We propose a novel sparse model (EPS-LASSO) with hypothesis test for high-dimensional regression under EPS based on a decorrelated score function. The comprehensive simulation shows EPS-LASSO outperforms existing methods with stable type I error and FDR control. EPS-LASSO can provide a consistent power for both low- and high-dimensional situations compared with the other methods dealing with high-dimensional situations. The power of EPS-LASSO is close to other low-dimensional methods when the causal effect sizes are small and is superior when the effects are large. Applying EPS-LASSO to a transcriptome-wide gene expression study for obesity reveals 10 significant body mass index associated genes. Our results indicate that EPS-LASSO is an effective method for EPS data analysis, which can account for correlated predictors.

Availability and implementation

The source code is available at https://github.com/xu1912/EPSLASSO.

Supplementary information

Supplementary data are available at Bioinformatics online.

1 Introduction

Extreme phenotype sampling (EPS) is a commonly used study design in genetic data analysis to identify candidate variants, genes or genomic regions that contribute to a specific disease (Cordoba et al., 2015; Zhang et al., 2014). In EPS, subjects are usually selected from the two ends of the distribution of a quantitative trait. For example, in an osteoporosis study, the top 100 and bottom 100 hip BMD subjects were recruited for gene expression analyses from a general study population (Chen et al., 2010). By enriching the presence and increasing the effect size of the causal genetic factors in the extreme phenotypic samples, EPS studies have boosted association testing power compared to studies using comparable numbers of randomly sampled subjects (Peloso et al., 2016).

With a broad application in genetic data analyses, numerous methods have been proposed to analyze data from EPS studies, such as the case–control methods. Case–control methods treat the samples with extremely high and low trait values as cases and controls, respectively. Then the standard statistical methods for group comparison (e.g. t-test) can be used to find genes with differential expression levels or frequency/proportion test to identify candidate variants with different allele frequencies (Slatkin, 1999; Wallace et al., 2006). However, the case–control methods disregard the quantitative trait values, wherein much of the genetic information may reside. Considering the inefficiency of the case–control methods, several likelihood-based methods were proposed to make full use of the available extreme phenotype data to detect associations and showed an improved power performance (Barnett et al., 2013; Huang and Lin, 2007; Lee et al., 2012).
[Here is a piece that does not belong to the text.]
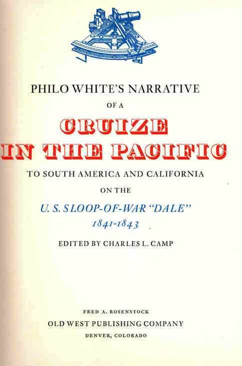 PHILO WHITE'S NARRATIVE OF A CRUIZE IN THE PACIFIC TO SOUTH AMERICA AND CALIFORNIA ON THE U. S. SLOOP-OF-WAR "DALE" 1841-1843
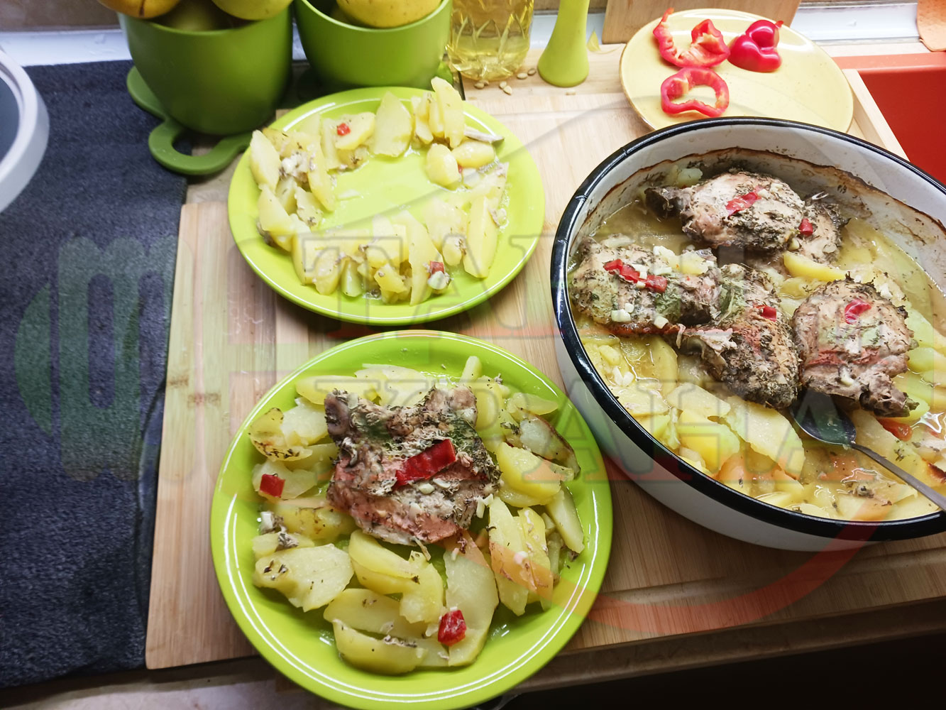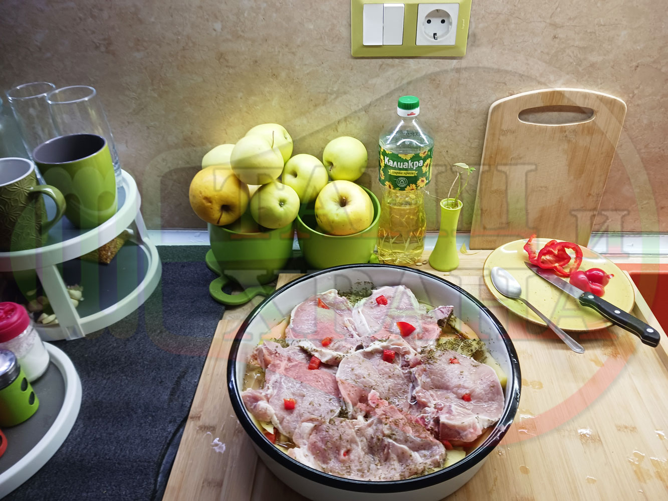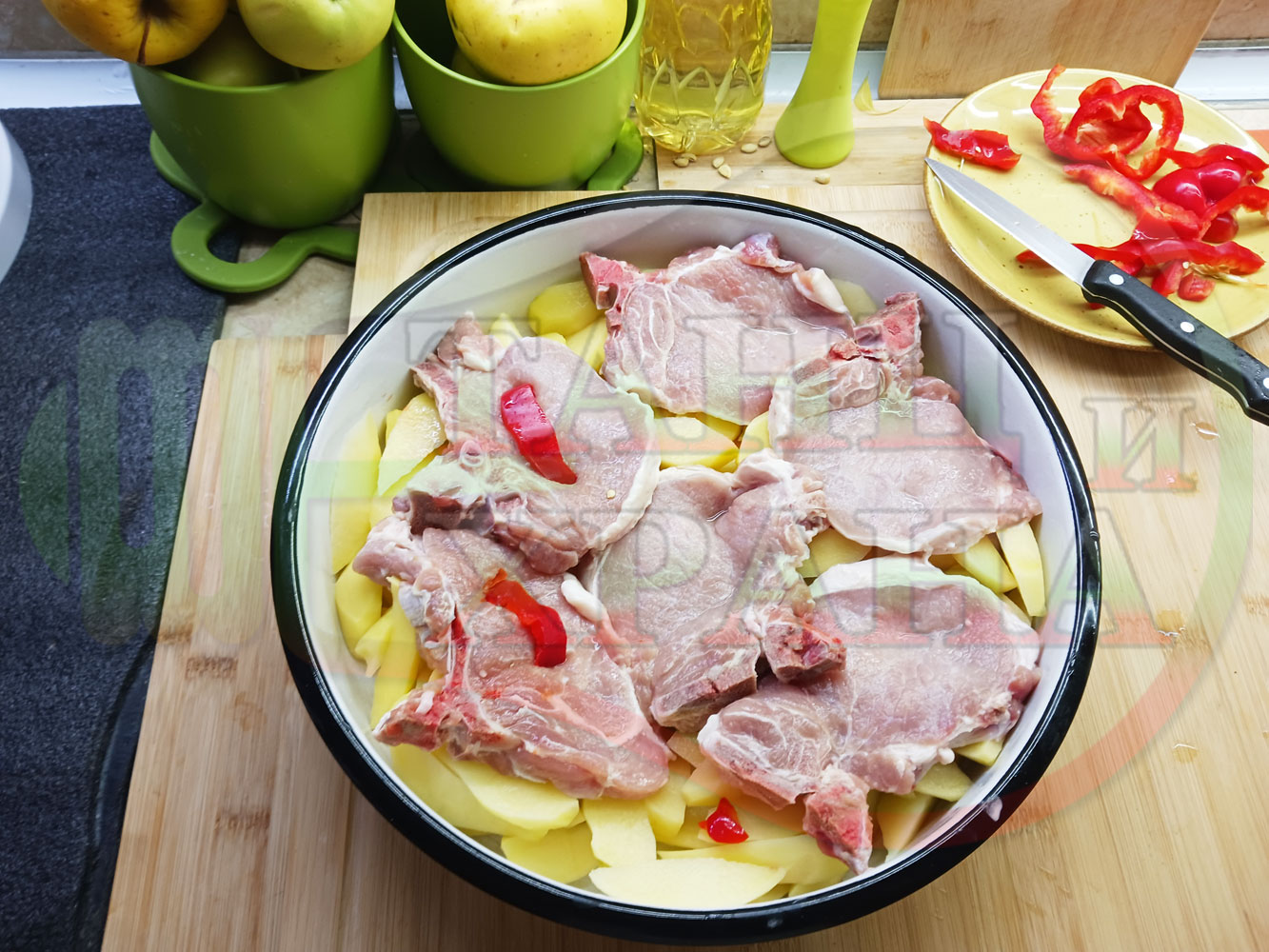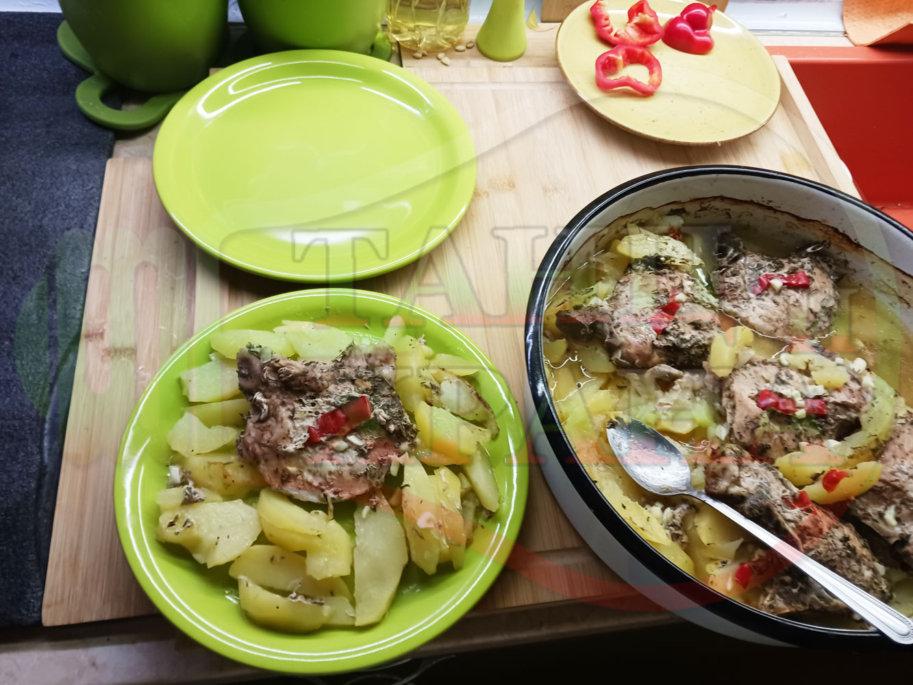 Свински пържоли "Червеночушкови роненочубрицови БГмерудийни картофени" шпиковани с червени пресни чушки запечени на фурна с картофи, ронена чубрица, стар чесън и краве масло

On the other hand, most of the existing methods examine the genetic factors individually. Many phenotypes, however, are determined by multiple contributing genetic factors. Therefore, it is desirable to simultaneously model their joint effects. The joint modeling may increase the power of current genetic studies and identify novel quantitative trait loci under EPS. Considering the number (e.g. p ∼ 20 000 for transcriptomic gene expression analysis) of factors is often much greater (≫) than the study sample size (e.g. n ∼ 1000 or less), the standard linear model would not be appropriate for the joint modeling due to the rank deficiency of the design matrix. An alternative solution is to apply a penalized regression method. For instance, the least absolute shrinkage and selection operator (LASSO) can deal with the high-dimensional situations (p ≫ n) by forcing certain regression coefficients to be zero (Tibshirani, 1996). LASSO and its extensions have been increasingly employed for various genetic data analyses, such as the differential gene expression analysis (Wu, 2005, 2006), genome-wide association analysis (GWAS) (Wu et al., 2009), sequence association studies of admixed individuals (Cao et al., 2014, 2016), gene-based LASSO and group LASSO for the rare variant analysis (Larson and Schaid, 2014).
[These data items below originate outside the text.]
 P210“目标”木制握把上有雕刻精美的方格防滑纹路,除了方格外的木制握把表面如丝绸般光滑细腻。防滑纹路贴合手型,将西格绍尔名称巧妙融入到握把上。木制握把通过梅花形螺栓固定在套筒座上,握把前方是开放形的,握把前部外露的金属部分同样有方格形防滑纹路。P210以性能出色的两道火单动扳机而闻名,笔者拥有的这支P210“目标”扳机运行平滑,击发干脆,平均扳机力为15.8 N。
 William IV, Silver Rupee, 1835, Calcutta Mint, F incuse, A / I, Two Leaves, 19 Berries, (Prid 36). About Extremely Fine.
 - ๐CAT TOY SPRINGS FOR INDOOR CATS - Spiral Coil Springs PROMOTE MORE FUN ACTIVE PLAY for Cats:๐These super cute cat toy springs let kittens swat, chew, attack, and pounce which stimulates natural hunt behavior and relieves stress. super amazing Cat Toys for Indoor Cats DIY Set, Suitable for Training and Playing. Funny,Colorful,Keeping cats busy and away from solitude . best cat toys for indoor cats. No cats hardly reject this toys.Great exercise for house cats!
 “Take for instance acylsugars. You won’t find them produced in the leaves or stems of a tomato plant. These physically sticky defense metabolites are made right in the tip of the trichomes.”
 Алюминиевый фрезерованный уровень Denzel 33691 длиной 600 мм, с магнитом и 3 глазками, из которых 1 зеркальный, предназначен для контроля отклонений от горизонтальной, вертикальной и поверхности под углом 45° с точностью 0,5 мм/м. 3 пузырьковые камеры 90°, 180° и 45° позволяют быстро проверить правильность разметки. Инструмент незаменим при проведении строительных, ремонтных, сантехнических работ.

After LASSO was proposed in 1996, the statistical inference of LASSO has been broadly studied. Various algorithms were proposed to solve LASSO, including LARS (Efron et al., 2004), GLMNET (Friedman et al., 2010), SLEP (Liu et al., 2009). Procedures considering noise level were also investigated, such as the Scaled (Sun and Zhang, 2012) and Square-root (Belloni et al., 2011) LASSO. Despite that the limiting distribution of the LASSO estimator has been studied since 2000 (Fu and Knight, 2000), it was only until recently that the hypothesis testing and/or confidence intervals for LASSO were well shaped under different conditions (Bühlmann et al., 2014; Lockhart et al., 2014). Several studies proposed a debiased method for the hypothesis testing for the sparse linear or generalized linear model with Gaussian or non-Gaussian noise (Javanmard and Montanari, 2014a,b; van de Geer et al., 2014; Zhang and Zhang, 2014). Ning and Liu proposed a general testing framework based on a decorrelated score function approach and applied it to the linear regression, Gaussian graphical model and additive hazards model (Fang et al., 2016; Ning and Liu, 2017). In spite of these advancements, the statistical inference and testing for the sparse regression model under EPS remain unknown.
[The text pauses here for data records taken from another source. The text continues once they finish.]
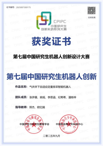 9月26日至29日,第七屆中國研究生機器人創(chuàng)新設(shè)計大賽全國總決賽在山東省濟南市融創(chuàng)國際會議中心隆重舉辦。本屆大賽報名啟動以來,全國224家培養(yǎng)單位的1545支隊伍參賽,較去年增加330余支。為保證大賽評審工作公平公正,大賽組委會邀請70家單位159位專家擔任初賽評委。8月27日大賽初賽評審?fù)瓿?,最終來自104家培養(yǎng)單位的325支隊伍入圍決賽。我校機械工程學院“氣井井下自適應(yīng)定量排采智能機器人”作品獲得全國三等獎,團隊成員有張伊晨、姚瑤、李思涵、紀希希、潘棟梓,鄭杰、歐紅娟任指導教師。
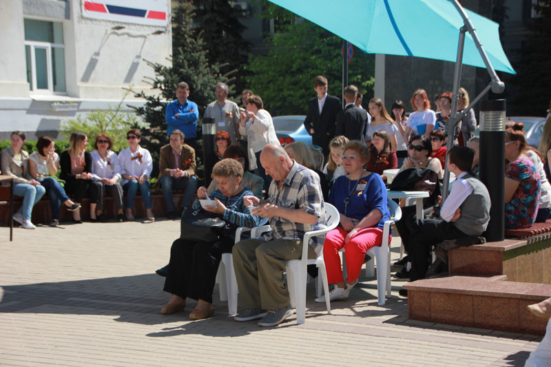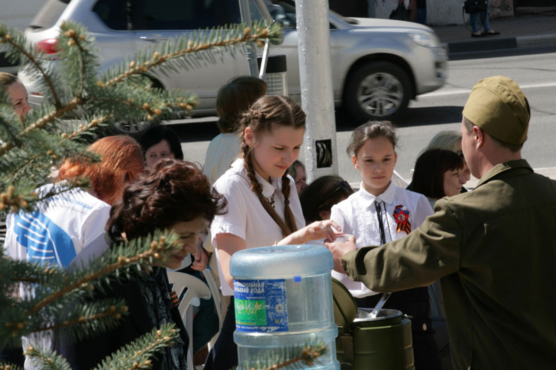 Все желающие смогли попробовать настоящую солдатскую кашу на военно-полевой кухне библиосквера.
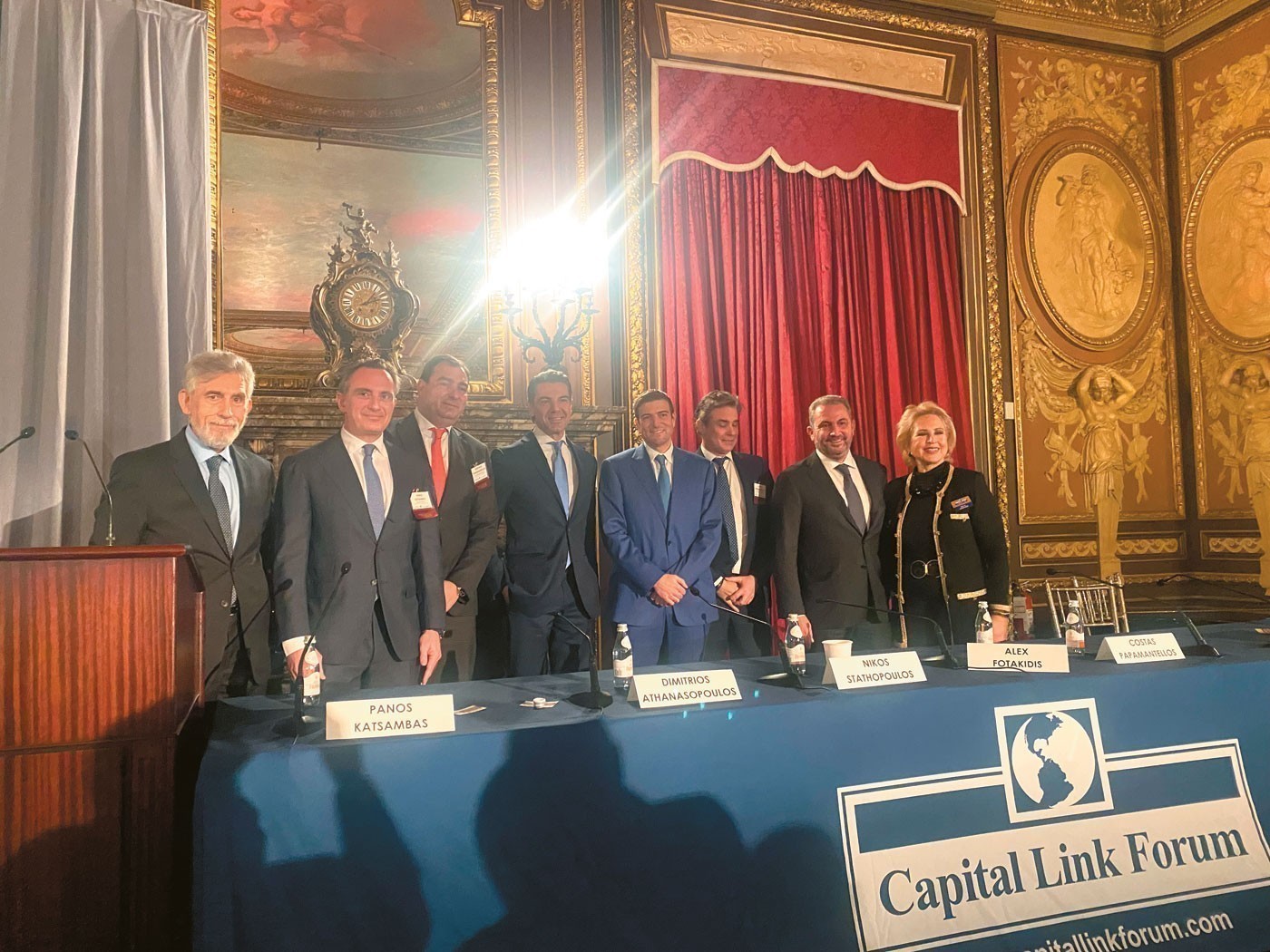 Την ευκαιρία σε όλους αυτούς τους ανθρώπους να βρεθούν, να ανταλλάξουν απόψεις και να ξετυλίξουν σκέψεις και σχέδια έδωσε η Capital Link του Νικόλα και της Ολγας Μπορνόζη, οι οποίοι, σε συνεργασία με το Χρηματιστήριο της Νέας Υόρκης, το Χρηματιστήριο Αθηνών και μεγάλες επενδυτικές τράπεζες, διοργάνωσαν με άριστο συντονισμό ένα συνέδριο-συνώνυμο μιας άτυπης Συνόδου Κορυφής για την Οικονομία.

In view of the challenges in high-dimensional EPS genetic data analysis and lack of research for LASSO under EPS, we propose a novel sparse regression model (EPS-LASSO) using the penalized maximum likelihood for EPS. Thereafter, a hypothesis test based on a decorrelated score function for high-dimensional regression is developed to examine the significance of the associations from EPS-LASSO. We show our approach can yield stable type I error and FDR control compared to existing EPS methods through an extensive simulation study. EPS-LASSO can provide a consistent power for both low- and high-dimensional situations compared with other methods dealing with high-dimension situations. The power of EPS-LASSO is close to other low-dimensional methods under small effect sizes of causal factors and is superior when the causal effects are large. As a demonstration and also as a comparison with existing methods for extreme sampling, we apply EPS-LASSO to a transcriptome-wide gene expression study for obesity and reveal 6 significant BMI associated genes supported by previous studies and 4 novel candidate genes worth further investigation.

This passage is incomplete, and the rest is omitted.